Cervical cancer is a major health problem for women, and it is currently the fourth most common cancer in women globally (1). A worldwide analysis of cancer estimates from the Global Cancer Observatory 2018 database showed that cervical cancer disproportionally affects lower-resource countries, on the basis of their Human Development Index; it was the leading cause of cancer-related death in women in many African countries (1).

Global cervical cancer incidence 2018
Estimated cervical cancer global incidence rates from the GLOBOCAN 2018 database; image generated using IARC (http://go.iarc.fr/today).
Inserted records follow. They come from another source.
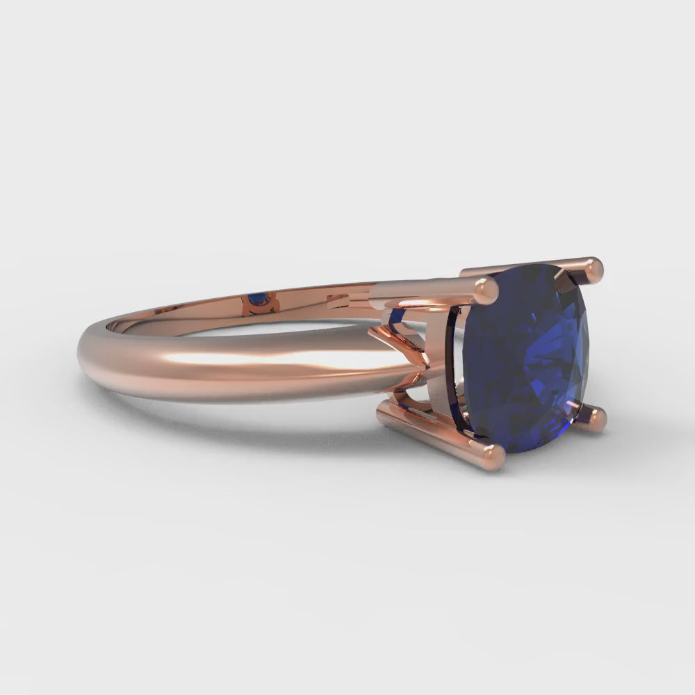 1.5 cttw Simulated Blue Sapphire Solitaire Engagement Ring - Solid Gold (Cushion Cut,6.5mm)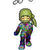 Green angled bangs |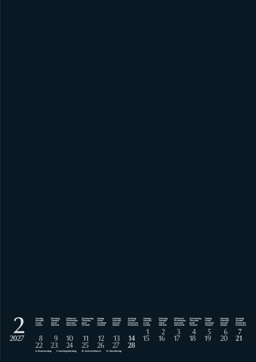 • Mehrsprachiges Kalendarium mit Feiertagen für Deutschland, Österreich und Schweiz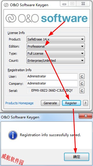 繁星软件园温馨提示:作为更高水准的数据擦除软件,O&O SafeErase是商业收费软件,本次分享的是O&O SafeErase注册版本,大家只需要下载O&O SafeErase安装程序,然后断运行O&O SafeErase注册机,参考下图即可无限制使用这款硬盘数据彻底删除神器。

Infection by human papillomavirus (HPV), a double-stranded DNA virus, is the leading cause of cervical cancer. Many types of HPV have been identified, and at least 14 high-risk HPV types are cancer-causing, according to a World Health Organization (WHO) fact sheet. Of these types, HPV-16 and HPV-18 are responsible for 70% of cervical cancers and pre-cancerous cervical lesions. HPV infection is sexually transmitted, most commonly by skin-to-skin genital contact. Although the majority of HPV infections are benign and resolve within a year or two, persistent infection in women, together with other risk factors, can lead to the development of cervical cancer [reviewed in (2)].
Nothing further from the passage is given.